Well, the Sun HotSpot JIT (don't know whether the server VM, client
VM, or both) uses graph colouring.

Also, at CC a few days ago I heard that the Jikes RVM contains two
JITs; for historical reasons, the faster JIT (that generates slower
code) uses graph colouring, and the slower JIT (that generates faster
code) uses linear scan register allocation.

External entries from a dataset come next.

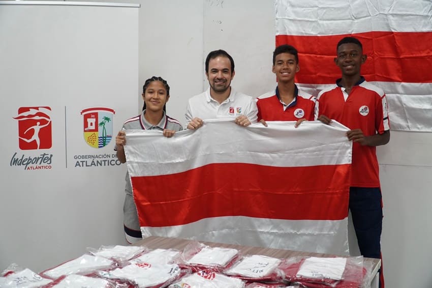 Antes de partir a territorio guajiro, representantes de cada una de las instituciones educativas, docentes y estudiantes recibieron los uniformes y la bandera del departamento por parte del director de Indeportes Atlántico en la sala de juntas del Instituto.
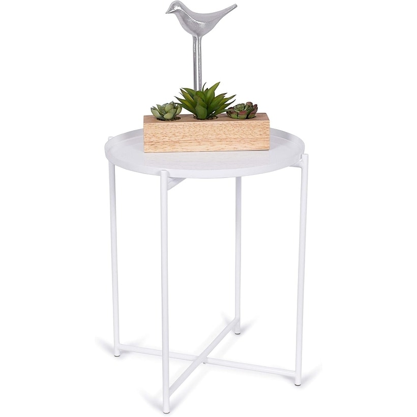 Folding Side Table with Tray - Foldable Nightstand for Living Room, Bedroom or Patio - Serving Tray for Drinks, Food
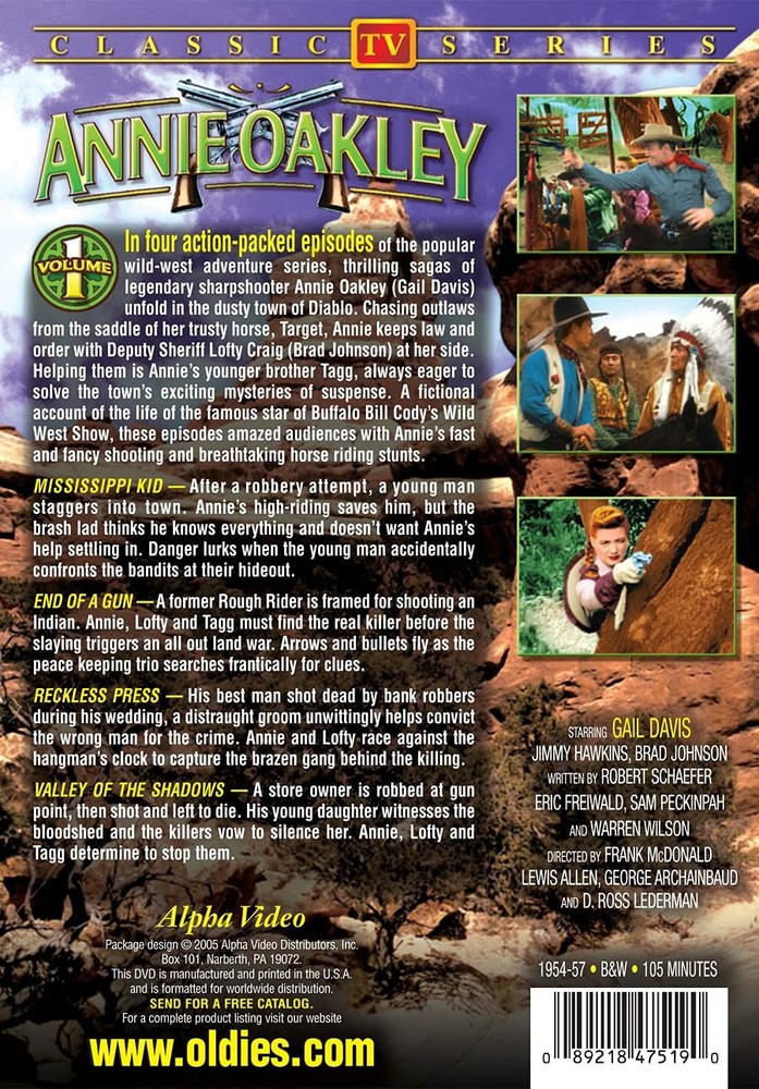 Further Details Title: Annie Oakley - Volume 1 Format: DVD Condition: New Number Of Discs: 1 Release Date: 05/31/2005 Actors: Gail Davis, Brad Johnson, Jimmy Hawkins Director: Frank McDonald, George Archainbaud, Lewis Allen, Sam Peckinpah Audio Language: English Runtime: 105 Region Code: DVD: 1 (US, Canada...) Studio: Alpha Video Certificate: MPAA Not Rated Description: In four action-packed episodes of the popular wild-west adventure series, thrilling sagas of legendary sharpshooter Annie Oakley (Gail Davis) unfold in the dusty town of Diablo. Chasing outlaws from the saddle of her trusty horse, Target, Annie keeps law and order with Deputy Sheriff Lofty Craig (Brad Johnson) at her side. Helping them is Annie's younger brother Tagg, always eager to solve the town's exciting mysteries of suspense. A fictional account of the life of the famous star of Buffalo Bill Cody's Wild West Show, these episodes amazed audiences with Annie's fast and fancy shooting and breathtaking horse riding stunts. Mississippi Kid: After a robbery attempt, a young man staggers into town. Annie's high-riding saves him, but the brash lad thinks he knows everything and doesn't want Annie's help settling in. Danger lurks when the young man accidentally confronts the bandits at their hideout. End of a gun: A former Rough Rider is framed for shooting an Indian. Annie, Lofty and Tagg must find the real killer before the slaying triggers an all out land war. Arrows and bullets fly as the peace keeping trio searches frantically for clues. Reckless Press: His best man shot dead by bank robbers during his wedding, a distraught groom unwittingly helps convict the wrong man for the crime. Annie and Lofty race against the hangman's clock to capture the brazen gang behind the killing. Valley of the Shadows: A store owner is robbed at gun point, then shot and left to die. His young daughter witnesses the bloodshed and the killers vow to silence her. Annie, Lofty and Tagg are determined to stop them. Aspect Ratio: Audio Format: Color / Black & White: Black & White Special Features: DVDs ARE REGION 1 UNLESS OTHERWISE STATED Missing Information? Please contact us if any details are missing and where possible we will add the information to our listing.

I guess you can answer the question either way, just use the right
arguments to support your position.

- anton
--
M. Anton Ertl
anton@mips.complang.tuwien.ac.at
http://www.complang.tuwien.ac.at/anton/home.html

Anton Ertl

2006-04-08, 7:03 pm

torbenm@app-4.diku.dk (=?iso-8859-1?q?Torben_=C6gidius_Mogensen?=) writes:
> - The Java JVM is (mostly) stack-based, so you can't directly apply
> graph colouring to do register allocation -- you would first have
> to convert to named-variable form.


Graph colouring works on a conflict graph. Getting from a stack-based
form to the conflict graph seems a little bit easer to me than from a
named-variable form, because liveness information is explicit in the
stack form.

> The usual approach to
> stack-to-register conversion used a near-minimal number of
> registers, so tehre is no need for a separate register-allocation
> phase.


Yes, as long as you use the stack only within basic blocks (as is done
most of the time by most compilers that generate JVM code), register
allocation for the stack is trivial; register allocation for variables
in basic blocks (without scheduling) is also easy and does not need
graph colouring or similar stuff.

> You can use register allocation for local variables in the
> frame, but if you only have the pityful number of registers on an
> x86 processor, this is probably not worth it (it wold be better to
> use them all for the stack).


Even for Forth, which uses the stack much more extensively than the
JVM (e.g., across basic blocks), having more than three registers for
stack items provides very little benefit
<http://www.complang.tuwien.ac.at/pa...26gregg05.ps.gz>. That
would leave another 4 registers for locals.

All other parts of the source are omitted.